Phasmagyps Temporal range: Chadronian PreꞒ Ꞓ O S D C P T J K Pg N ↓

Scientific classification
- Kingdom: Animalia
- Phylum: Chordata
- Class: Aves
- Order: Accipitriformes
- Family: Cathartidae
- Genus: †Phasmagyps Wetmore, 1927
- Species: †P. patritus
- Binomial name: †Phasmagyps patritus Wetmore, 1927

= Phasmagyps =

- Genus: Phasmagyps
- Species: patritus
- Authority: Wetmore, 1927
- Parent authority: Wetmore, 1927

Extinct genus of birds

Phasmagyps, is an extinct genus of New World vulture in the family Cathartidae, known from one Oligocene fossil found in Colorado. The genus contains a single described species, Phasmagyps patritus which is possibly the oldest New World vulture known, though its placement in the family Cathartidae has been questioned.

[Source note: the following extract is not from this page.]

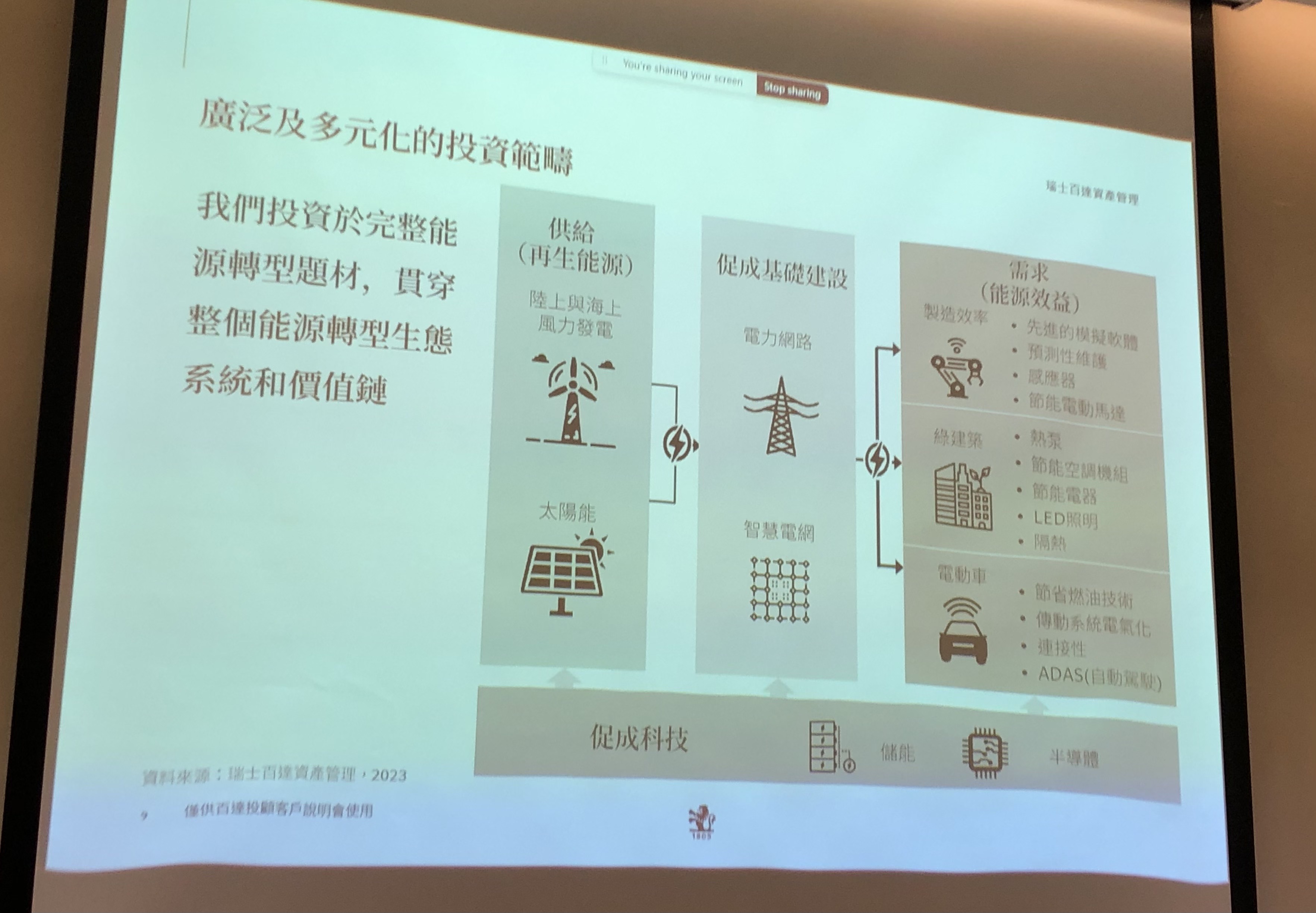基於上述觀點,百達能源轉型策略,因此佈局在開源、節流與新科技(如上圖,記者李錦奇攝影),其中,開源著重於再生電力生成、節流著墨於綠建築與電動車等有利能源效率的產業發展、新科技則是聚焦在能夠促成再生電力發展以及提高能源效率的促成科技。

==History and classification==
Phasmagyps is known from a single fragmentary fossil bone, the holotype housed in the paleontology collections of the Colorado Museum of Natural History in Boulder, Colorado and given the number 1078. In 1923 Philip Reinheinter collected the specimen from the Weld County Trigonias quarry, possibly a fossilized watering hole. The quarry worked sedimentary rocks that are positioned approximately 25 ft above the contact between the Pierre Shale and the Chadron Formation, thus dating the fossils to the Lower Chadronian. The fossil was first studied by the American paleontologist and ornithologist Alexander Wetmore; his 1927 type description of the new genus and species was published in the journal Proceedings of the Colorado Museum of Natural History. In the description, Wetmore did not give any etymological explanations for the genus and species names, though phasma is Latin and Greek for a phantom or apparition and Gyps identifies the genus as a vulture. The fossil was reexamined in the early 1980s by avian paleontologist Storrs L. Olson. In a 1985 paper he gives a brief comment on the genus. He stated without going into specific details, that while the fossil is superficially similar to those of Cathartidae members, however it possesses notable features which are different and as such he regarded the position of the genus as problematic. In their 2005 description of a Peruvian fossil, Marcelo Stucchi and Steven Emslie noted the disputed nature of Phasmagyps, but maintained the placement in Cathartidae and noted the genus as the oldest member of the family in the Americas.

==Description==
When first described by Wetmore, Phasmagyps was described as being one third larger than the modern Black vulture, Coragyps atratus. This is contradicted by James Ducey's 1992 paper which lists Phasmagyps as being "not much larger than the Black Vulture". The single known fossil is a partial upper leg bone, specifically the lower section of the right tibiotarsus. As preserved, the largest diameter of the bone is 17.9 mm around the outer condyle, and the width across the condyles is 14.9 mm. The diameter at the smallest area of the preserved bone shaft is 9.2 mm.